На оконечности косы Суворов устроил блокфорт: водрузил батареи, возле них приспособил печи для раскаливания ядер.
– Лучше сего места, батюшка мой, для отражения чужой дерзости не сыскать. Батареи я замаскировал… При хорошем ветре запашок неприятный относит, и дышать даже вольготно.
Суворов сказал, что Войнович держит корабли, как скупердяй деньги в банке, и подмоги от него не видать:
– Дай бог, чтобы принц Нассау-Зиген не подгадил…
Нассау-Зиген уже получил чин контр-адмирала. «Потемкин, – хвастал он, – на все мои вопросы о штурме Очакова начинает креститься, а я решил безо всяких молебнов выйти в лиман и показать битву крестоносцев с неверными…»
Эски-Гасан напал на его флотилию первым, и пять часов подряд длилась кромешная «свалка» кораблей, пока турки не отошли под защиту крепости. Наспех залатав пробоины и заменив разбитые весла новыми, русская флотилия ночью снова пошла в сражение. Капудан-паша выставил против нее главные свои корабли, обшитые медными листами. Один турецкий «султан» взорвало, остальные бросились под стены Очакова, спасаясь. Гасан остался на горящем флагмане, вокруг него кружились русские галеры. Отважный «крокодил», убоясь пленения, нырнул за борт… Два поражения от русских кораблей, кое-как сколоченных, вызвали у него кровотечение из носа. Он решил покинуть армию и уйти в море, где тяжело раскачивало на рейдах могучие линейные «султаны». Старинный закон войны гласил: отступающему строить «золотой мост», то есть не мешать его ретираде, чтобы противник не взбесился. Но Суворов огнем блокфорта с косы Кинбурна «золотой мост» разрушил! Ночь была темна, пушки простреливали мрак огненными трассами, с берега было видно, как ядра, докрасна раскаленные, впиваются в медь и дерево, вызывая в отсеках пожары. Турецкая эскадра сбилась в кучу, всюду поражаемая. Нассау-Зиген, снова спешащий к бою, передал Суворову, что ядра блокфорта задевают и его корабли. Турецкие суда, ища спасения, выбрасывались на отмели, крики и стоны слышались из огня и дыма… В эту ночь турки потеряли 6000 человек. Многие, доплыв до Кинбурна, сдались в плен, но еще больше их потонуло… Раздутые трупы носило по волнам лимана. Солдаты отталкивали их от берега баграми и тут же ведрами черпали воду для своих нужд (иной воды, кроме солоноватой воды лимана, не было)…
Екатеринославская армия обложила цитадель с суши, когда сражение в лимане уже закончилось. «Верные» запорожцы отличались ухарством в абордажах, теперь «жертвенники» Бахусу курились у них до небес; на всех лицах было начертано удовольствие…
В июле началась новая жара, опять с грозами.
– Воды нет, нужники не устроены, – говорил князь Репнин. – Всяк, и солдат и принц, тут же ест, тут же испражняется, отчего все в лагере преисполнено погани.

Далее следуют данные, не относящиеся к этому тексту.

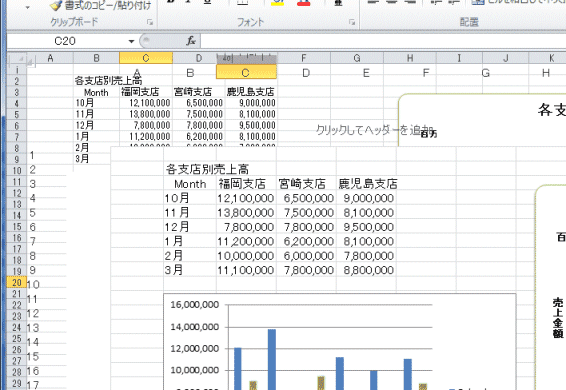 エクセル2010基本講座:ページレイアウトビューでシートの一部が切り取られて重なったように表示されたり、表示がおかしい?

– А туркам внутри Очакова разве слаще? – отвечал Потемкин, совершенно голым разгуливая по хоромам шатра; он вылил на себя целую бутыль парижского одеколона. – Едино вот этим и спасаюсь. А привезли ли уксус солдатам?
– Обозы застряли. Стеноломная артиллерия отстала. Маркитанты все расторговали и уехали. Запорожцы сказывали, что Гусейн-паша свой гарем на остров Березань вывез.
– Де Рибас, подлец, не взял Березани! А теперь не взять: турки там батарей понаставили.
– В вагенбургах обозных, что за четыре версты отселе, – доложил Репнин, – понос обычный сделался кровавым.
– Господи, да вразуми ты меня! – взмолился Потемкин.
– Очаков надобно брать штурмом.
– Это тебе, князь, Суворов внушил?..
Репнин, дипломат тонкий, сделал намек: нерешительность командующего все объясняют его личной трусостью, и Григорий Александрович намек понял. Через день он объявил рекогносцировку, вся свита и генералы обязаны сопровождать его светлость. Потемкину подвели коня. Князь вырядился в белый мундир, при белых же лосинах, и шляпу с высоким султаном, он весь сверкал бриллиантами и орденами – прекрасная мишень для турецких стрелков! Конь скакал под ним размашистым аллюром, солдаты при появлении фельдмаршала поднимались с земли, Потемкин, глядя вперед, махал им шляпой:
– При мне, ребята, вставать не надобно. Зато прошу вас, братцы, под пулями вражескими не ложиться…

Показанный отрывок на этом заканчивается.